THE PROBLEM: Everything in the listing should be set down exactly, apart from the pictures.

COLLECTED DATA:
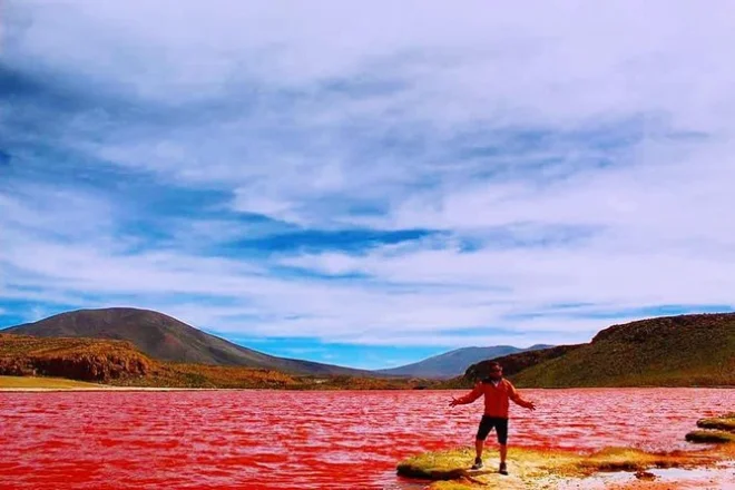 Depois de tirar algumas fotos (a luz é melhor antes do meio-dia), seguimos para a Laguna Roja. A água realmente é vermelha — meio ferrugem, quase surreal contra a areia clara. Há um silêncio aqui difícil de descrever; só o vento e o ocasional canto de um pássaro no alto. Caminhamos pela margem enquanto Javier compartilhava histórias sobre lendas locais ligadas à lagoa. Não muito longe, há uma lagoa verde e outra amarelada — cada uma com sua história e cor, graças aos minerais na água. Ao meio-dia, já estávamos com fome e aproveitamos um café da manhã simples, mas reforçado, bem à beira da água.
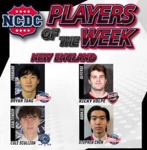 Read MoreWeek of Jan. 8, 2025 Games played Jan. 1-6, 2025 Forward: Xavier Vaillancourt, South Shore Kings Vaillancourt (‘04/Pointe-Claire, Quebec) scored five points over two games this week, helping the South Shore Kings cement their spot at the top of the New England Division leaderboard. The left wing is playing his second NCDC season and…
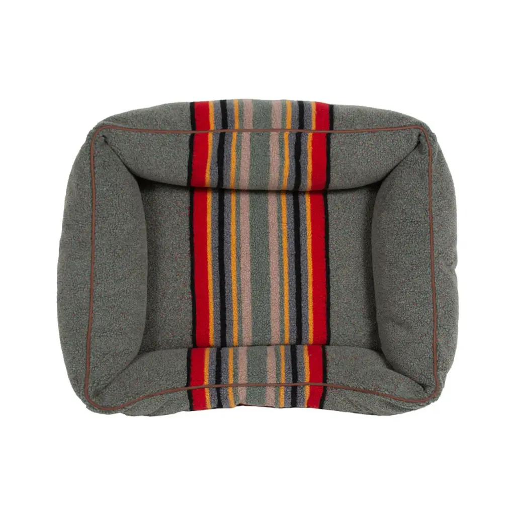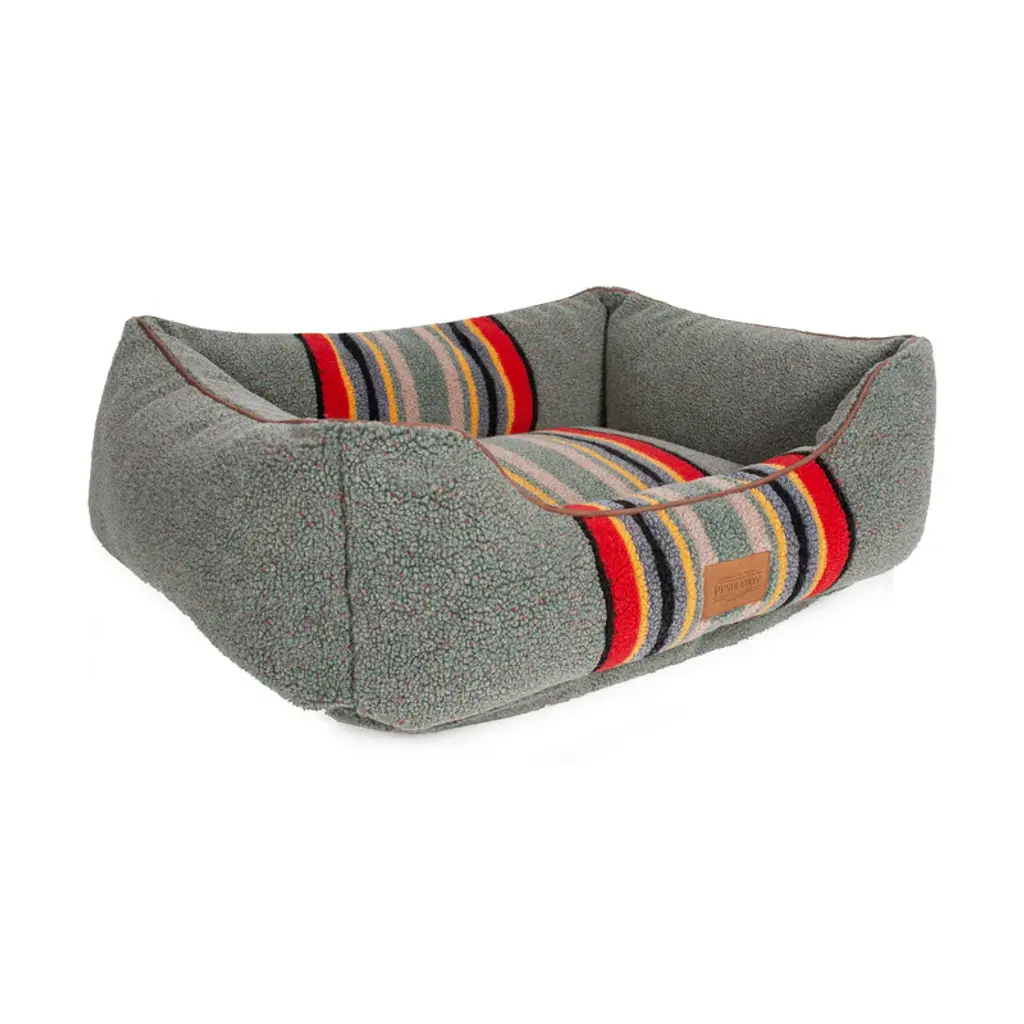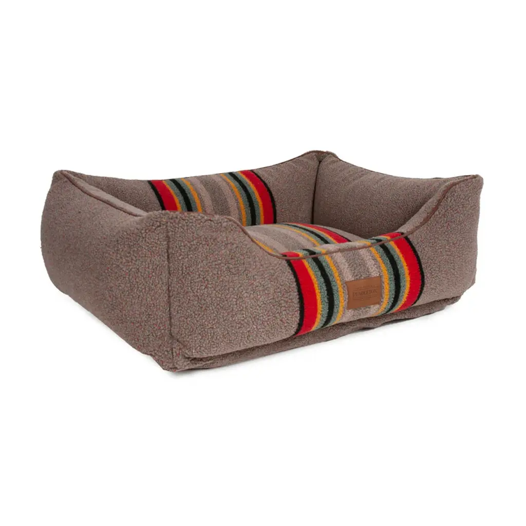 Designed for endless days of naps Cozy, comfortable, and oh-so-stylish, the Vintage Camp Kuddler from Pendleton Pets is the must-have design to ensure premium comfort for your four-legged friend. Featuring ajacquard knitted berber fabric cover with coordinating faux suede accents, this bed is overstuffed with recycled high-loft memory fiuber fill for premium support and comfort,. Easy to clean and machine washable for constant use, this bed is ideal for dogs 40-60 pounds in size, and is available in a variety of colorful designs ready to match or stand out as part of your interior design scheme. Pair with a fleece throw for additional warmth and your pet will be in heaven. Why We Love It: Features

YOUR RESPONSE:
 Depois de tirar algumas fotos (a luz é melhor antes do meio-dia), seguimos para a Laguna Roja. A água realmente é vermelha — meio ferrugem, quase surreal contra a areia clara. Há um silêncio aqui difícil de descrever; só o vento e o ocasional canto de um pássaro no alto. Caminhamos pela margem enquanto Javier compartilhava histórias sobre lendas locais ligadas à lagoa. Não muito longe, há uma lagoa verde e outra amarelada — cada uma com sua história e cor, graças aos minerais na água. Ao meio-dia, já estávamos com fome e aproveitamos um café da manhã simples, mas reforçado, bem à beira da água.
 Read MoreWeek of Jan. 8, 2025 Games played Jan. 1-6, 2025 Forward: Xavier Vaillancourt, South Shore Kings Vaillancourt (‘04/Pointe-Claire, Quebec) scored five points over two games this week, helping the South Shore Kings cement their spot at the top of the New England Division leaderboard. The left wing is playing his second NCDC season and…
 Designed for endless days of naps Cozy, comfortable, and oh-so-stylish, the Vintage Camp Kuddler from Pendleton Pets is the must-have design to ensure premium comfort for your four-legged friend. Featuring ajacquard knitted berber fabric cover with coordinating faux suede accents, this bed is overstuffed with recycled high-loft memory fiuber fill for premium support and comfort,. Easy to clean and machine washable for constant use, this bed is ideal for dogs 40-60 pounds in size, and is available in a variety of colorful designs ready to match or stand out as part of your interior design scheme. Pair with a fleece throw for additional warmth and your pet will be in heaven. Why We Love It: Features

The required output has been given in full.